Кое-как переведенный в десятый класс с тройками, Витек не захотел никуда уезжать из города, все лето пробыл в Москве. Даже во время отпуска родителей не поехал с ними в деревню, к деду, остался дома. Как только вспомнил бабку Олю — сю-сю-сю-сю, представил себе деда с его деревянной ногой, рассказами о собственных подвигах, с его жеванием нижней губы, всегда ему плакать хочется, когда рассказывает,— стало противно, и он остался дома. «Надо,— сказал родителям,— заниматься буду».— «Смотри, как хочешь, заниматься можно и в деревне». Словом, июнь, июль и август Витек играл, спасался игрой, писал стихи, спасался писанием стихов, и чтением, и мрачными размышлениями по ночам. Особенно когда родители уехали в деревню. В эти дни никто не мешал ему гибнуть и снова жить и даже наслаждаться жизнью, потом опять уходить в свои глубины, в самого себя, где было так хорошо и безрадостно. Он сильно продвинулся в музыке. Он вырос, пушок обметал его подбородок и верхнюю губу, взгляд стал медленным и глубоким. Он сделался вполне юношей, и мне хочется отдохнуть от него немного. Вот его стихи. Пусть говорит сам.
Володе Палъцеву
Мой бедный друг, я знаю, знаю,
Давно изведал ту тщету.
Бывает счастье?
Да, бывает!
Жар-птицу схватишь на лету, В руках комок живой забьется И тихо: «Отпусти... Зачем?» И так печально улыбнется, А ты опять стоишь ни с чем.
Гуляет ветер в чистом поле, Куда ни глянь — белым-бело. Я вас любил, чего же боле? Теперь и это умерло.
Мы каждый — со своею долей, Жизнь там, где пелось и мело. Но пусто-пусто в чистом поле, Куда ни глянь — белым-бело.
Сергею Есенину
Сажусь к столу, бумагу придвигаю, И хочется начать таким стихом: «Отговорила роща золотая Березовым, веселым языком».
Тех журавлей уж нет.
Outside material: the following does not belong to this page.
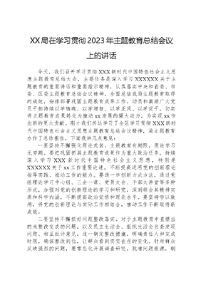 XX局在学习贯彻2023年主题教育总结会议上的讲话今天,我们召开学习贯彻XXX新时代中国特色社会主义思想主题教育总结大会,主要任务是深入学习XXXXXX关于主题教育的重要讲话和重要指示精神,认真落实中央和省委、市委、区委主题教育总结会议精神,全面总结我局主题教育取得的成效,安排部署巩固主题教育成果工作,动员和激励广大党员干部持续以学铸魂、以学增智、以学正风、以学促干,切实将主题教育成果转化为推动xx发展的强大动力,为实现xx作出新的更大贡献。刚才我们传达学习了全区学习贯彻XXX新时代中国特色社会主义思想主题教育总结会议精神,局主题教育办作了总结报告,下面我讲几点意见:一要坚持不懈强化理论武装。主题教育有期限,理论学习无穷期。要把巩固拓展主题教育成果作为重大政治任务,持续深入学习XXX新时代中国特色社会主义思想,特别是XXXXXX关于xx工作重要论述,不断提高运用党的创新理论指导实践、推动工作的能力。要进一步创新方式方法,通过党组理论学习中心组、三会一课、党员大会、干部大讲堂等多种形式,加强对党的创新理论的学习和研究,深刻领会其精神实质和科学内涵,不断提高政治觉悟和理论水平。要坚持学以致用,将党的创新理论与实际工作相结合,推动工作不断取得新成效。二要坚持不懈抓好问题整改落实。对于主题教育中查摆出的未整改完成的问题,以及民主生活会、组织生活会自查发现问题、相互批评意见,逐一制定整改措施,明确责任人和完成时限,确保整改到位,让群众看到实实在在的变化。针对群众反映强烈的问题,要常态化开展调查研究,找准问题根源,制定切实可行的整改方案。局主题教育办要加强督促检查,确保整改工作取得实效,不断推动主题教育走深走实。三要坚持不懈强化责任担当。主题教育归根结底是要落实到行动上的。要以深入推进干部绩效考核为抓手,紧盯区委xx届xx次全会暨区委经济工作会议指引的方向,紧扣2024年区委、区政府中心重点工作、全年公开承诺、年度目标任务,立足保护资源、保障发展两统一职责,持续攻坚克难、奋勇争先,一如既往做好乡村振兴、耕地保护、项目用地保障、地质灾害防治、生态保护修复、不动产登记、执法监察、创文创卫巩固提升等工作,让XXX新时代中国特色社会主义思想在xx系统落地生根、开花结果。四要坚持不懈深化作风建设。要进一步巩固提升干部作风能力提升年活动成果,在抓落实上狠下功夫。对待上级部门或领导交办的事项,要以时不待我的紧迫感、马上就办的责任心、舍我其谁的使命感,迅速推进落实;对待一些疑难问题、历史遗留问题、人民群众反映强烈的问题,多想怎么办、少说不能办,多想马上办、少说以后办,多想我来办、少说你们办。坚决摈弃门难进、脸难看、话难听、事难办的不良习气。对群众身边的腐败和作风问题,发现一起、整治一起。要始终以群众满不满意、上级认不认可、履职到不到位作为检验工作成效的试金石、刻度尺。五要坚持不懈推进从严治党。各单位、支部,要常态化开展干部纪律教育,组织干部深入学习XXXXXX关于作风建设重要论述和《中国共产党廉洁自律准则》及新修订的《中国共产党纪律处分条例》等相关内容,不断提高党员干部遵规守纪的思想自觉、行动自觉。全体党员干部要牢固树立正确的世界观、人生观、价值观、权力观、地位观和利益观,时刻保持警钟长鸣,时刻保持头脑清醒,不断提高自身的思想觉悟和道德水准,筑牢廉洁自律的思想防线。同志们,虽然第二批主题教育已经进入收官阶段,但收官并不意味着结束。相反,我们要以此次主题教育为新的起点,坚定不移地推进党的建设和各项工作,为推动xx事业高质量发展而不懈奋斗。

Куда они умчались?
И почему во мне такая грусть?
А голос журавлиный отвечает,
Что все прошло, назад уж не вернуть...
Да, все прошло, и сожалеть не надо. Но только не о том я говорю. Ведь он и сам мечтал стальной громадой Увидеть нищую страну спою.
И может, все сбылось, не знаю я, не знаю, А если не сбылось, так сбудется потом. Но все же, все же роща золотая Отговорила милым языком.
И я как будто вижу эту рощу
И поля опустевшего простор,
И влагу дней тех чувствую на ощупь,
И влага та мне застилает взор.
А я гляжу, в безмолвии глотая Внезапно подступивший к горлу ком. Да, все прошло, и роща золотая Отговорила милым языком.
И пусть у гробового входа... А. С. Пушкин
Уснули голоса тревоги, И тихо, тихо, как во сне, Родятся медленные строки И умирают в тишине.
Здесь все знакомо, все конечно В пределах глаз, в пределах рук. И где-то в глубине сердечной Стучит: «Пора, пора, мой друг...»
Так вот они: покой и воля. Ужель пришла моя пора? И делится заветной долей Со мною сам отец пера?
Катерина и Борис Михайлович вернулись из деревни загорелыми и немножечко сбросившими свои тяжелые веса, ходили бодрей, говорили бойчее и громче, чем полагалось дома, в городской квартире. Катерина пригнула к себе вскользь и на одно мгновение показавшего свою улыбку Витеньку, поцеловала в макушку, отец потрепал его за волосы. Рады были. А уж во вторую минуту в глазах Катерины и другое выступило, вроде тревожного вопроса: как тут у вас, ничего такого не случилось?
— Ну как тут у вас? — на Витеньку, на Евдокию Яковлевну посмотрела, ответа хотелось хорошего.
Витек пожал плечами. Евдокия Яковлевна немного поколебалась и сказала:
— Я ничего не знаю.
— Как не знаешь? Ты говори, мама, говори.— Катерина почувствовала что-то нехорошее, за недомолвками матери.— Чего ты ничего не знаешь? Говори!
— Я не знаю,— повторила Евдокия Яковлевна, и лицо ее морщинистое скуксилось.— Он запирал меня...
— Куда запирал?
— В мою комнату запирал.
Ничего нельзя было понять. Вмешался Борис Михайлович.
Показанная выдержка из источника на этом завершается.